When Harry and Sally decided to tie the knot in marriage, they knew that their lives would head down a much different path from when they were single — new joys, family, friends and responsibilities.
There were some immediate and simple legal changes for both: a new joint checking account, changes to beneficiaries on work-provided life insurance policies and retirement plans, and a name change for Sally with the Social Security Administration and Michigan Secretary of State’s Office.
Prior to marriage, neither had or needed a will. Both age 25, they together owned modest assets. Joint ownership of marital assets provided a way for assets to flow to the surviving spouse if something terrible happened.
But all that changed with the arrival of baby Claire. At a party, a friend asked if they had selected a guardian for Claire in the remote chance they both died in a car accident. Relatives of the friend had just gone through that tragedy, and the legal wrangling was horrific.
Harry and Sally learned that without a will, the court decides who will be guardian if both parents die.

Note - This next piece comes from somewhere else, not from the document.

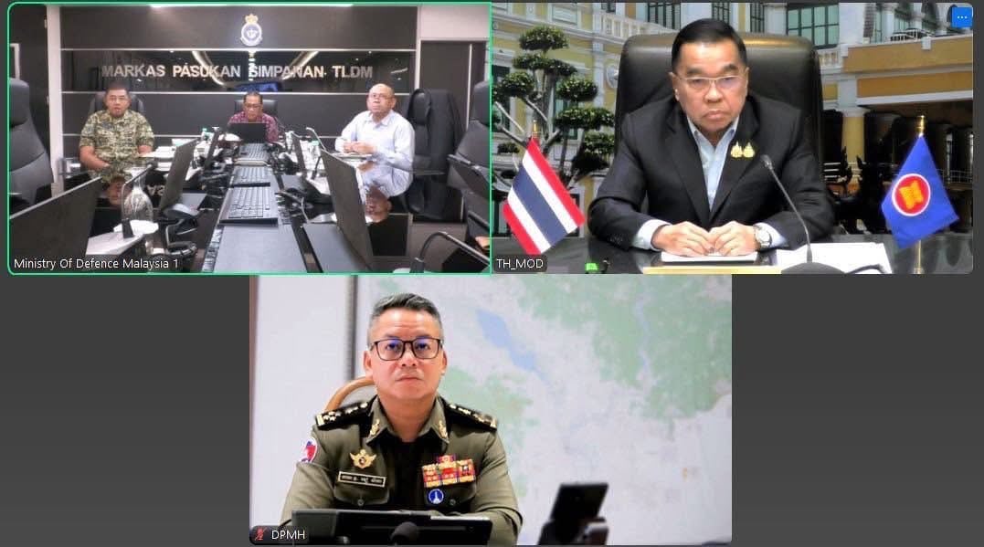 3 ส.ค. 2568 สำนักข่าวเบอร์นามา แชร์เพจเฟสบุ้ค Khalen Nordin ของ ดาโต๊ะ ซรี ฮาจิ โมฮาเม็ด คาเล็ด บิน นอร์ดินรัฐมนตรีว่าการกระทรวงกลาโหมมาเลเซีย พร้อมภาพการประชุมไตรภาคีผ่านวิดีโอทางไกลกับ รักษาการรัฐมนตรีว่าการกระทรวงกลาโหมของไทย รัฐมนตรีว่าการกระทรวงกลาโหมกัมพูชา

Who would that be? Harry’s or Sally’s parents — all of whom thought they were out of the woods raising kids? Sally’s older sister, who knew how to raise kids, but was financially strapped with her own three children? Harry’s younger brother, who was not mature enough at 22?
Chances that both would be die are slim, they thought — but stranger things have happened. With so much at stake, Harry and Sally decided to delay getting a new couch and retained an estate planning attorney to spell out their wishes for Claire. Sally’s parents nodded in approval — they had a will drawn up when their first was born — and stepped up to the plate as guardian if the unthinkable happened.